The interest coverage ratio for JBTMarel Corp demonstrates significant fluctuations over the analyzed period. From September 30, 2020, through December 31, 2021, the ratio exhibits a consistent upward trend, peaking at 18.71 in September 2021, indicative of strong earnings relative to interest expenses during this interval. This suggests that the company maintained a healthy capacity to meet its interest obligations, with earnings comfortably exceeding interest costs.

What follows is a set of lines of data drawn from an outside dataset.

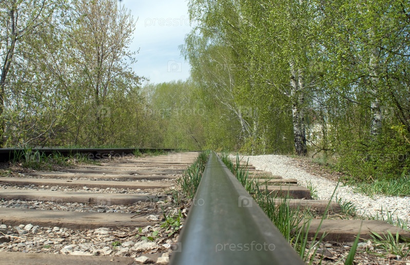 Рельсы железной дороги вдоль леса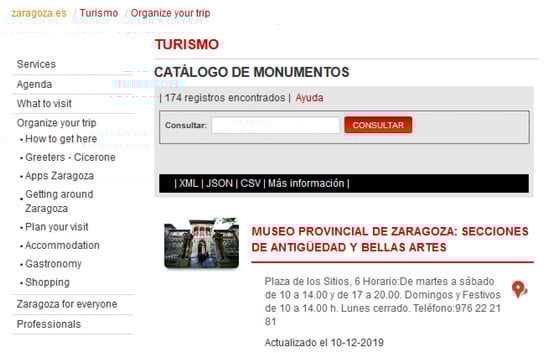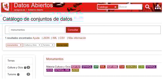 The Open Data Catalog collects the datasets posted on the Zaragoza’s web site. Currently, there are 149 open datasets published in this catalog. Datasets are organized by domain, format, update frequency, and key-words; in addition, a quick access to georreferenced datasets is also provided (up to date, there are 66 datasets with a geographic component). The idea is to offer any public item of information in as many formats as possible. In Figure 2 an excerpt from the Monumentos dataset search on the catalog page (https://www.zaragoza.es/sede/portal/datos-abiertos/servicio/catalogo) is shown. The result of this search is a link to the Monument dataset and a list of available data formats.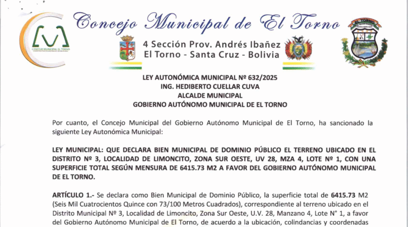 LEY MUNICIPAL: QUE DECLARA BIEN MUNICIPAL DE DOMINIO PÚBLICO EL TERRENO UBICADO EN EL DISTRITO No 3, LOCALIDAD DE LIMONCITO, ZONA SUR OESTE, UV 28, MZA 4, LOTE No 1, CON UNA SUPERFICIE TOTAL SEGÚN MENSURA DE 6415.73 M2 A FAVOR DEL GOBIERNO AUTÓNOMO MUNICIPAL DE EL TORNO.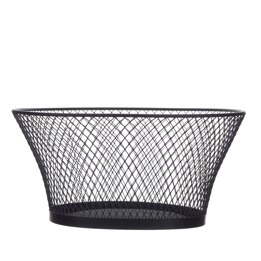 Стильная ваза для фруктов из металла в виде открытой сетчатой корзины. Выполнена в лаконичном чёрном цвете и идеально вписывается в современный интерьер кухни или гостиной: лофт, минимализм, скандинавский стиль. Прочная металлическая сетка обеспечивает хорошую циркуляцию воздуха, благодаря чему фрукты и овощи дольше остаются свежими. Устойчивое сплошное дно предотвращает выпадение мелких продуктов и надёжно держит содержимое. Изделие легко очищается, не впитывает запахи и не деформируется при ежедневном использовании.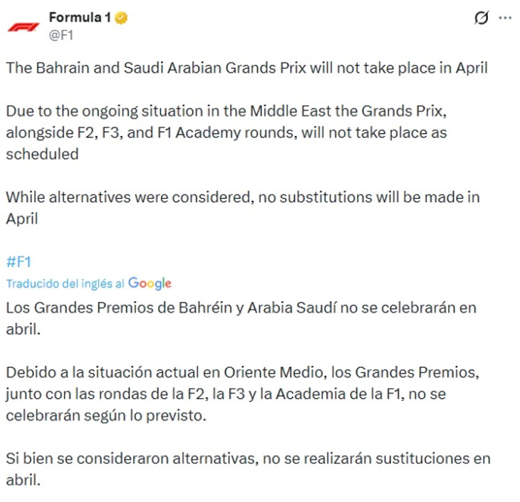 “Los Grandes Premios de Bahréin y Arabia Saudí no se celebrarán en abril. Debido a la situación actual en Oriente Medio, los Grandes Premios, junto con las rondas de la F2, la F3 y la Academia de la F1, no se celebrarán según lo previsto. Aunque se consideraron alternativas, no se realizarán sustituciones en abril”.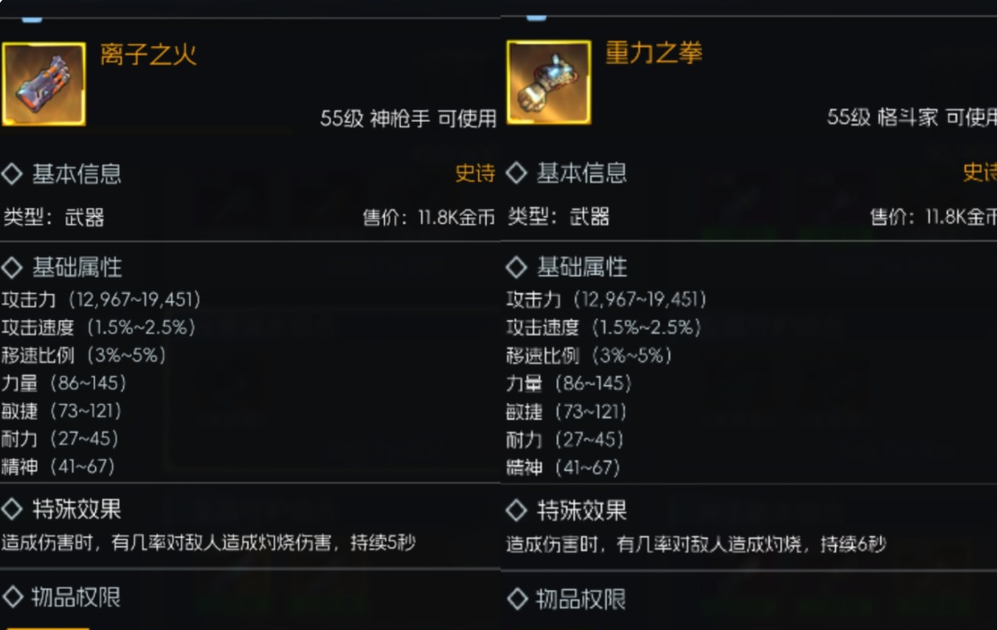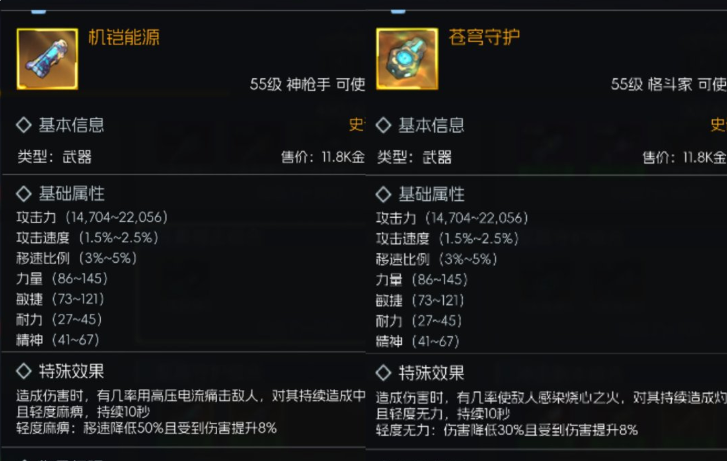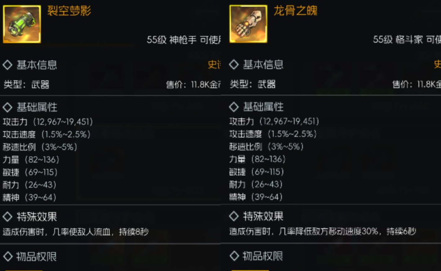基础武器是玩家进入55级阶段的过渡装备,代表性的有汉娜-裂空梦影、黄帽-龙骨之魄。此类武器的基础属性比较均衡,可以通过普通打造或者深渊副本掉落获得,性价比较高。特殊效果分别是流血和减速,虽然伤害力小,但是在初期副本以及PVP中却能发挥作用。入门装备可以积累材料、获得经验,为之后获取更高级的装备做准备。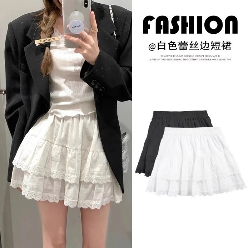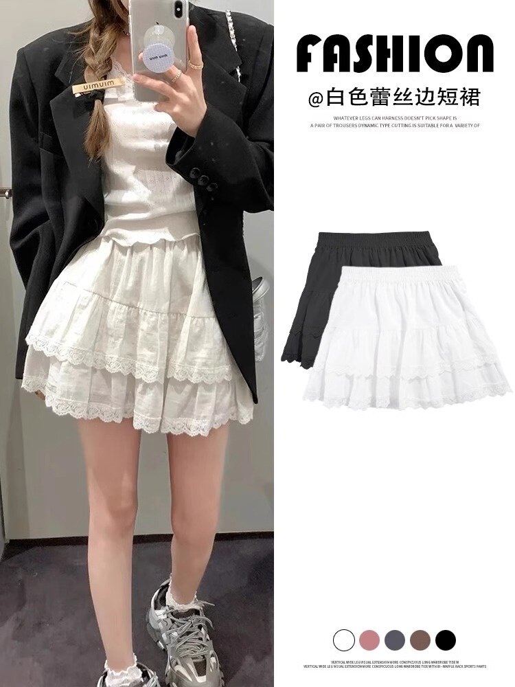 Белая кружевная осенняя мини-юбка, юбка, высокая талия, А-силуэт, подходит для подростков

However, starting in early 2022, a decline in the interest coverage ratio is observed, with the figure decreasing to 13.59 by September 30, 2022, and further down to 10.98 by December 31, 2022. This downward trajectory continues into 2023, with ratios falling to 7.75 on March 31, 2023 and further to 6.38 on June 30, 2023. The declining trend indicates a reduction in earnings relative to interest expenses, which may raise concerns about the company's ability to cover interest obligations comfortably.

The ratio remains relatively low into late 2023, registering at 6.08 on September 30, 2023. Subsequent data shows a modest recovery early in 2024, with the ratio increasing to 7.25 on March 31, 2024 and slightly improving to 7.97 by June 30, 2024.

However, by September 30, 2024, the ratio declines again to 9.00, before dropping sharply to 5.92 at year-end 2024. Notably, in the first quarter of 2025, the ratio turns negative at -1.65, indicating that earnings before interest and taxes (EBIT) are insufficient to cover interest expenses, suggesting a potential liquidity or profitability concern. This negative trend continues into June 2025, with the ratio at -0.98, further highlighting challenges in servicing interest.

Overall, the company's interest coverage ratio displays an initial period of strength and stability, followed by a pronounced decline that culminates in negative ratios, reflecting escalating difficulties in generating earnings adequate to cover interest costs. This pattern warrants close monitoring of the company's profitability and debt management strategies moving forward.